Major meatpackers and dozens of feedlots have paperwork and plans in order, but many ranchers are still confused or in the dark about what they must do to qualify for the Japanese market, industry leaders and experts say.

"I'll be honest with you. I think ranchers, as you look at them, are sitting there asking, 'What are we supposed to be doing?' " said John Paterson, an extension beef specialist at Montana State University in Bozeman, who admits to being a bit fuzzy himself on some of the finer points.

Despite a trade framework outlined by the Department of Agriculture, some cattlemen groups have been careful about advising ranchers on how to position themselves, choosing to wait for the final word from Japan.

"The devil will be in the details," said Steve Pilcher, executive vice president of the Montana Stockgrowers Association, "and it's a matter of me not trusting Japan totally."

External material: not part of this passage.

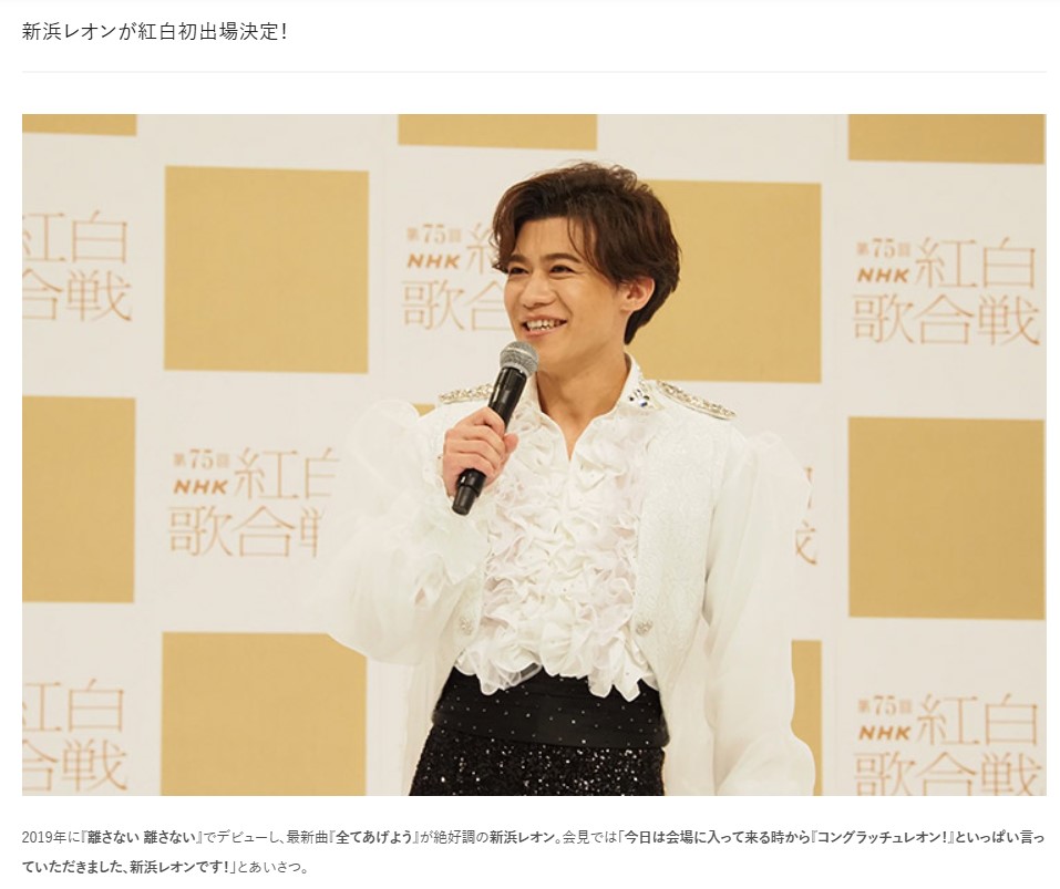 また先日もアップしましたが、新浜レオンさんが紅白に初出場です。

Donald, who is president of the stock-growers' group, said he worries about setting a precedent in giving in to the demands of a country whose cutoff date for slaughter has no scientific basis, according to U.S. agriculture officials.

But James Hodges, president of the American Meat Institute Foundation in Washington, D.C., said the debate comes down to meeting the demands of the customer. Getting into the Japanese market again, he and others said, will be important for the United States.

"We're going to be going into a new era here," said Lynn Heinze, a spokesman for the U.S. Meat Export Federation. "It's a pain in the neck that will probably be good in the long run."